MY_DATA - HTML doesn't handle an accented character in column name #432

martinwork opened this issue May 28, 2024 · 14 comments

Comments

@martinwork
Copy link
Collaborator

martinwork commented May 28, 2024

Arising from support ticket https://support.microbit.org/helpdesk/tickets/75447 (private)

The HTML display, Download and Copy are all truncated just before the accented character.

https://makecode.microbit.org/_U3ibMVU94dfH

image

image

@microbit-carlos
Copy link
Collaborator

microbit-carlos commented May 29, 2024

Thanks Martin!
Does that only break the column name or does is break the rest of the table rendering and/or data visualisation?
Is the offline table also affected?

@martinwork
Copy link
Collaborator Author

martinwork commented May 29, 2024

The HTML page doesn't show the data. Download and Copy also truncate at the accented character, so don't include any data. Visual preview shows no data.

Offline too.
image

The page source could be used to retrieve the data.
image

@martinwork
Copy link
Collaborator Author

The same happens with accents in the data
https://makecode.microbit.org/_93aHvuLvCJwq
image
image
image

@microbit-carlos
Copy link
Collaborator

Thanks Martin, if the table rows are not being shown due to a character in the table title we should prioritise this to be fixed in the milestone after next (which should come out really soon).

@microbit-carlos microbit-carlos modified the milestones: datalog, v0.2.68 May 29, 2024
@martinwork
Copy link
Collaborator Author

@microbit-carlos Knowing little about such things, I just discovered what the problem is... The browser expects UTF-8 because of meta charset=utf-8, but the CSV data is not UTF-8. Most characters >127 become character 65533 (U+FFFD) in the outerHTML string, and the script terminates the CSV at any such character.

@microbit-carlos
Copy link
Collaborator

Ah, thanks for checking Martin!

Do you know how the characters with UTF-8 value end up being 0xFFFD? Would that be a fix from the MakeCode side?

@martinwork
Copy link
Collaborator Author

Do you know how the characters with UTF-8 value end up being 0xFFFD? Would that be a fix from the MakeCode side?

Not really! AIUI, it's when the character is not valid, I think assuming from the charset that the source data is UTF-8. I don't know if the script can get the raw data before it's interpreted as UTF-8.

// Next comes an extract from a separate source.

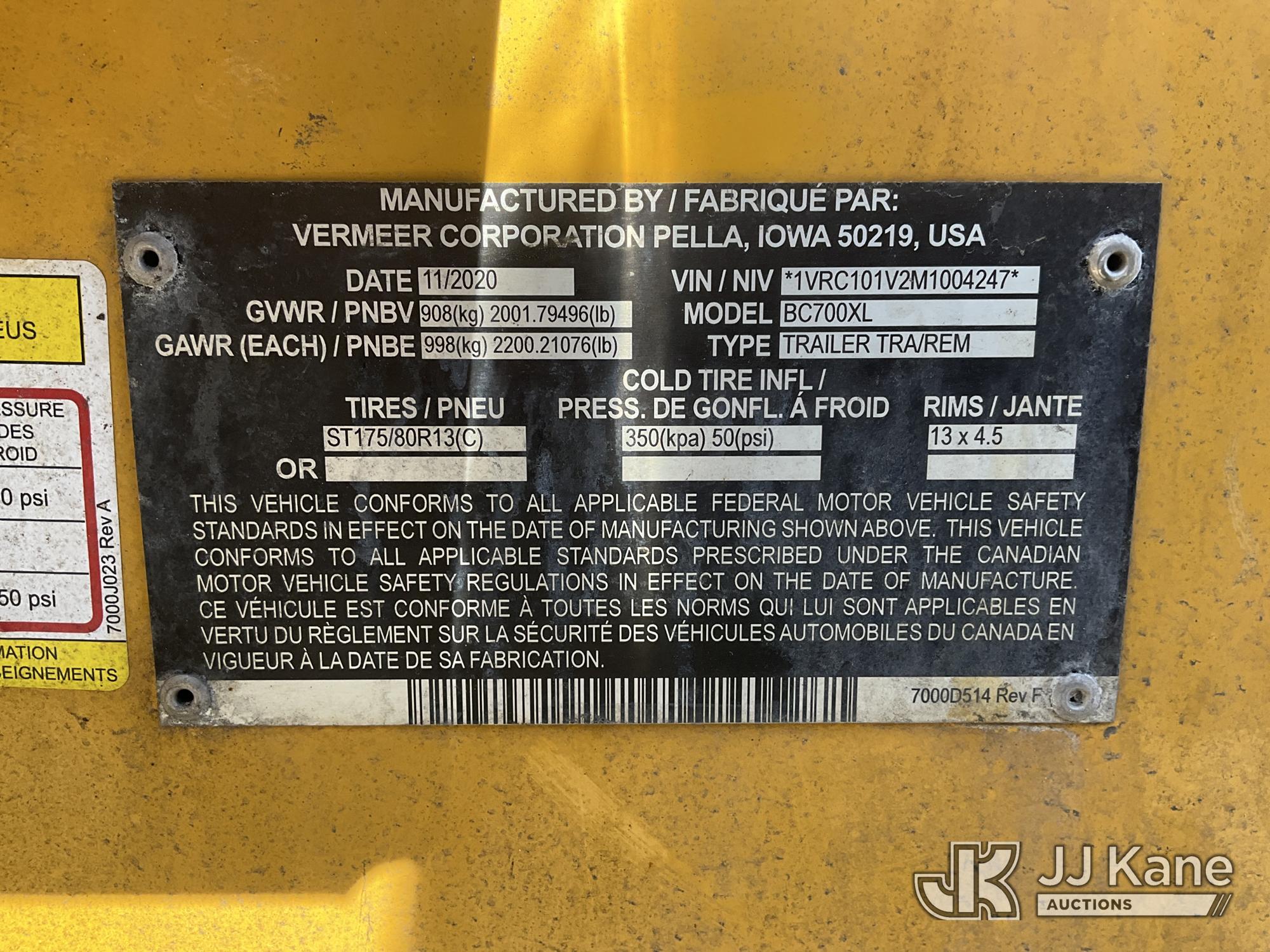 2021 Vermeer Corporation BC700XL Chipper, Kohler gas, (Not Running, Condition Unknown) (Reads 287 hours) This is a Titled Item*

The script relies on finding FFFD (usually corresponding to an FF in the source) to terminate the string.
https://github.com/lancaster-university/codal-microbit-v2/blob/master/resources/logfs/basic-header.html#L72

MicroBitLog could avoid the problem by replacing non-ascii characters, with ? for example.

Assuming the script can't get at the source data, to be able to retrieve non-ascii characters, I guess the logged data needs to be UTF-8.

I wonder what code page MakeCode uses? If the charset is changed to a code page, all characters are valid and the script needs some other way to find the end of the data.

@microbit-carlos
Copy link
Collaborator

microbit-carlos commented Jul 26, 2024

Right, so if I understand that right, it's possible that it is MakeCode that is encoding non-ascii characters to 0xFFFD, and in that case we could update MicroBitLog to check for non-ascii characters and replace them, is that right?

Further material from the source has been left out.